Representing Barlow Ranch, Limited Partnership: Dan B. Riggs, Mistee L. Elliott and Amanda K. Roberts of Lonabaugh and Riggs, LLP, Sheridan, Wyoming. Argument by Mr. Riggs and Ms. Elliott
Representing Greencore Pipeline Company, LLC: Jon T. Dyre of Crowley Fleck, PLLP, Billings, Montana; Timothy M. Stubson of Crowley Fleck, PLLP, Casper, Wyoming. Argument by Messrs. Dyre and Stubson.
Date of Decision: March 19, 2013
Facts: Greencore Pipeline Company, LLC (Greencore) filed an action seeking to condemn easements across property owned by Barlow Ranch, Limited Partnership (Barlow) for a pipeline to transport carbon dioxide (CO2). The parties reached an agreement on the terms of possession and scope of the easements but asked the district court to determine the amount that would justly compensate Barlow for the partial taking of its property.
During a two day bench trial, Barlow presented evidence of prices paid for other comparable pipeline easements to show the fair market value of Greencore’s easement and the compensation due for the partial taking. Greencore argued that Barlow was only entitled to a percentage of fee value and comparable easement sales should not be considered in determining the appropriate amount of compensation for the condemned easement. The district court concluded Wyoming statutes allowed consideration of comparable sales in determining just compensation, but the easements Barlow presented were not sufficiently comparable to be reliable evidence of the fair market value of Greencore’s easement. Instead, it awarded compensation based upon the average of the amounts Greencore had paid other landowners for easements for its CO2 pipeline. Barlow appealed the district court’s order and Greencore cross appealed.

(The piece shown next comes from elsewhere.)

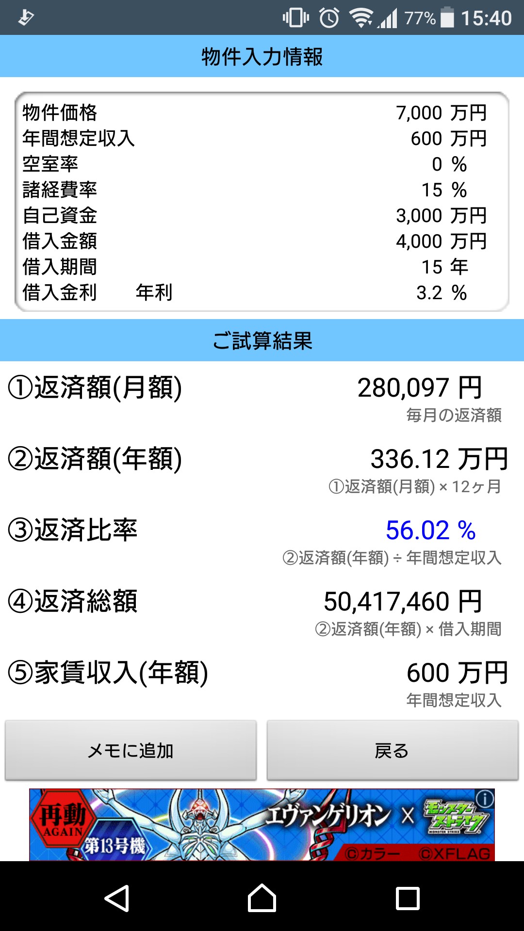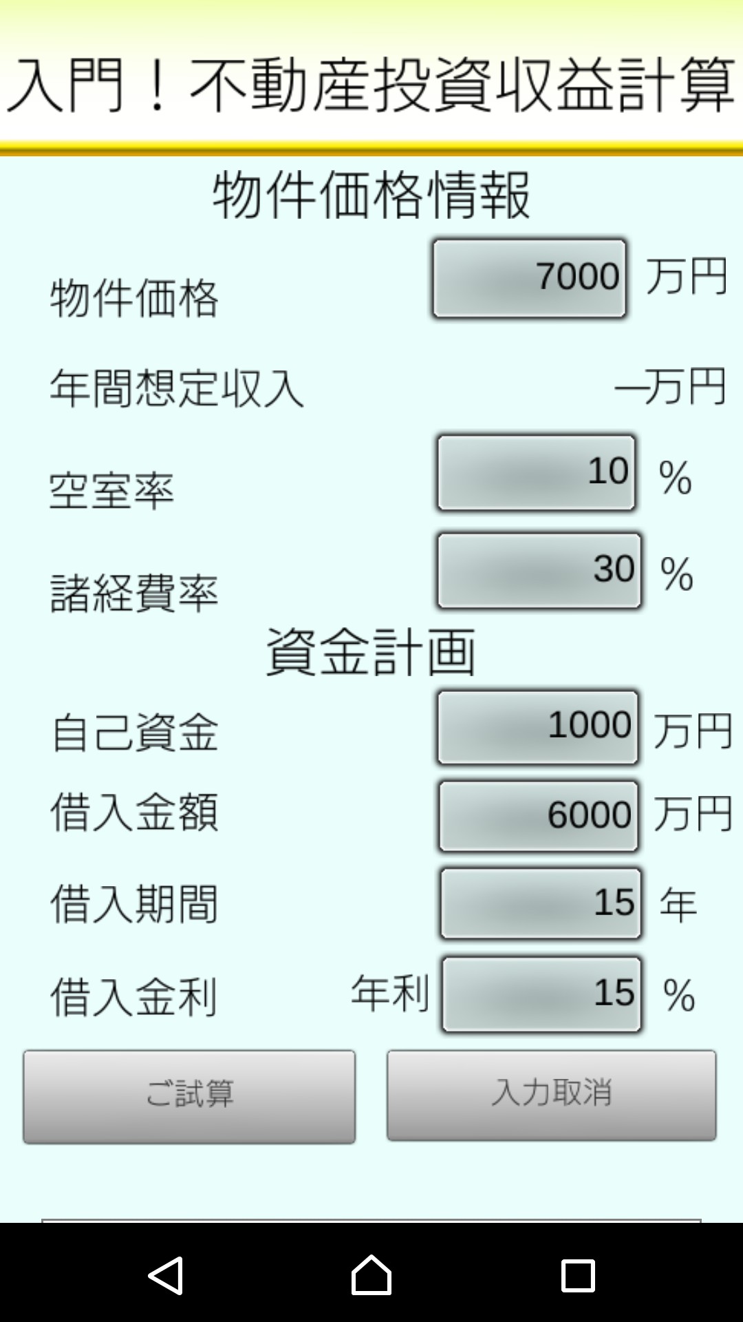 このアプリは、物件価格、自己資金、借入期間など不動産投資に必要な情報を入力するだけで、物件の収支を簡単に計算してくれるお助けアプリです。

In its appeal, Barlow claimed the district court erred in concluding the easements it relied upon were not valid comparables. Barlow also asserted the district court erred in concluding annual payments for a condemned easement are not permissible under Wyoming law. In its cross appeal, Greencore asserted the district court erred in considering evidence of comparable easements in arriving at a damages award far in excess of the fair market value of the land on which the easement is located. Greencore further asserted the district court erred in not granting it the right to abandon the pipeline in place.

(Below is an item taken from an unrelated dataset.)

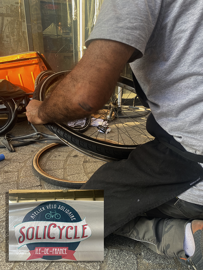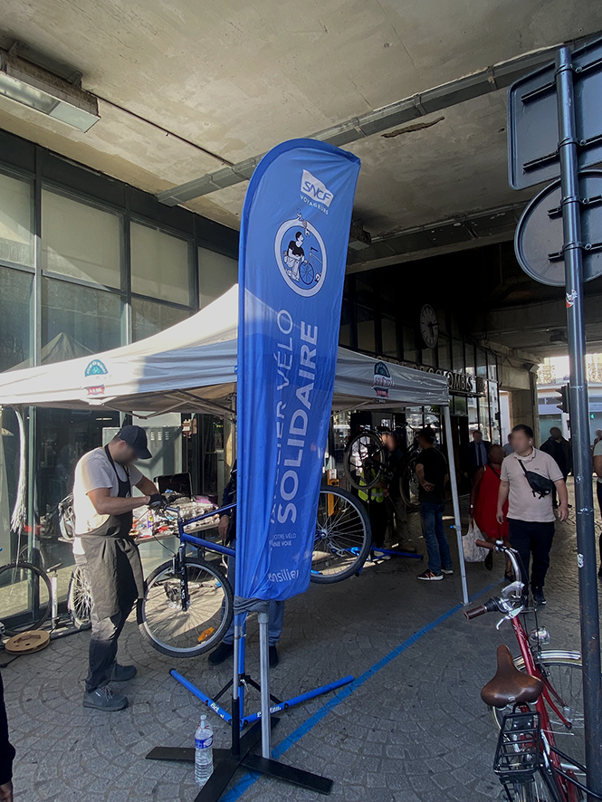 À la gare de Colombes, SoliCycle propose des ateliers vélo solidaires : réparations gratuites, conseils pratiques et convivialité autour du vélo.

Issues: The issues presented in these consolidated cases are:
A. Did the district court err by concluding comparable easements were proper evidence to establish the value of a partial taking of real property for a pipeline easement?
B. Did the district court err when it ruled the easements offered by Barlow as comparables were not the result of arms’ length transactions?
C. Did the district court err in concluding the pipeline easements offered by Barlow were not comparable to the Greencore easement pursuant to Wyo. Stat. § 1-26-704(a)(iii)(B) and (C) (LexisNexis 2011)
D. Did the district court err in concluding annual payments for a condemned easement are not permissible under Wyoming law?
E. Did the district court err when it refused to rule that Greencore was entitled to abandon its pipeline in place when its need for it terminates?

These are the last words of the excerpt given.